I had not even made it inside before the first Blackbird and Fieldfare came down to investigate and I had the pleasure of watching these along with Redwings, Starlings and a female Blackcap all day as they took charge of their own particular segment.
|Blackbird - Helen Mathias|
It was nice to be inside in the warm watching the dominance swing back and forth between the thrushes in particular. One of our female Blackbirds was especially stroppy and would see off any Fieldfare within four feet but it was the posturing of the Fieldfares that captivated me.
They were already fluffed up against the cold but when disputing some fruit they would droop their wings, raise and expand their lavender grey rump and spread and flick out that solid black tail whilst holding it vertical so that the other bird was in no doubt as to the meaning and all the while ‘chacking’ and rattling at each other.
|Fieldfare - Helen Mathias|
Obviously there was one other bird that I was hoping to entice down and it took no time at all for ‘Punkzilla’ the first winter male Waxwing to come down to sample the fruity delights. He obliged for the more hardy punters all day and even I was tempted back outside to get some apple shots.

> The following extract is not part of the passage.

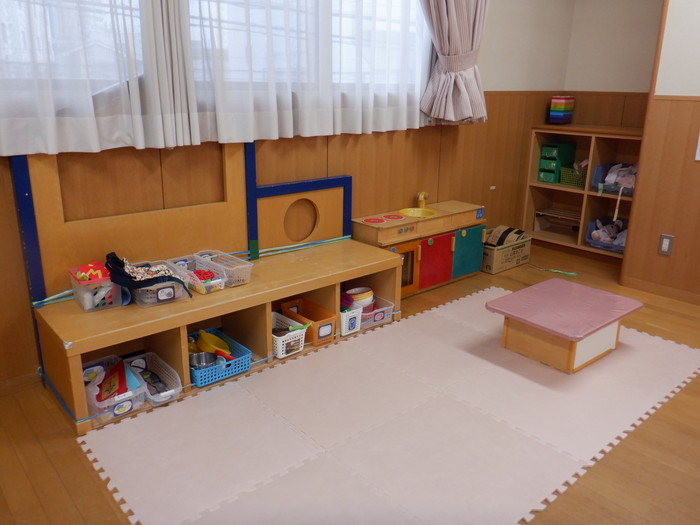 部屋には玩具が充実していて、おままごとコーナーやプロック、机上遊びなど、それぞれのコーナーに分かれて遊ぶことができます。

|I think the colours compliment each other nicely! Probably the best Waxwing shots I have ever taken|
It was a great day for engaging with the visitors – not too busy and having plenty to show them from the inside over a coffee is always a bonus. I have been amazed at the number of regular birding visitors over the last week who had never seen a Waxwing and delighted at the huge smiles that have ensued. There were plenty of finches and Sparrows around the feeders and a party of Long-tailed Tits moved through while a Cetti's Warbler once again showed very well.
Scanning around today gave views of the Marsh Harriers and plenty of bewildered Snipe that are obviously at a loss as to what to do with the marsh still ice locked. One of the Ravens, the big male I think, flew back towards its Kentish territory with a full crop and a beak full so I suspect that they already have hungry young despite the weather.
Seventeen Avocet were picked out amongst the Lapwing, Dunlin and Curlew and three Grey Plover were indeed just that today.
I have been steadily checking gulls behind ships heading up and down the Thames since I have been back but have seen nothing of note but that changed today with Caspian, Yellow-legged and an adult Med during the course of the day on the far side and then this afternoon a chap ambles in to have a look at the Waxwing and asks if I had just seen a first winter Glaucous Gull go up river behind the last ferry... umm... no...
I was sure that it had not come right past the centre as I was glued to the gulls behind that ship and so I set about scanning everything on the river floating out with the tide and loafing on the Kentish bank. Much to my delight fifteen minutes later I picked up a 2nd winter Glaucous – not a 1st winter – well to my right motoring into town. It was very pale and patchy and clearly not a biscuit coloured bird but it was gone before I could even get a shout out.
Pleasing but frustrating at the same time so I resumed my scanning and suddenly there it was – a monster rich tea 1st winter Glaucous Gull sat on the mud by the Darent Barrier. This time I was able to muster the troops and over the next 30 minutes before we shut up for the day everyone (who was vaguely interested in a huge gull at huge range) saw it parading around and even making a few short flights after getting repeatedly poked by a Great Black-backed Gull.
So from no Glaucs to two and nine Larids for the day without leaving the centre... so, many thanks to James Litston for the initial white-winger shout!
|Glauc with Herring to the right and below and Commons behind|
And to round my day off a Woodcock flipped from cover as I left and headed into Purfleet becoming my second of the day after one on a roundabout in Lakeside whilst I was having a coffee before work!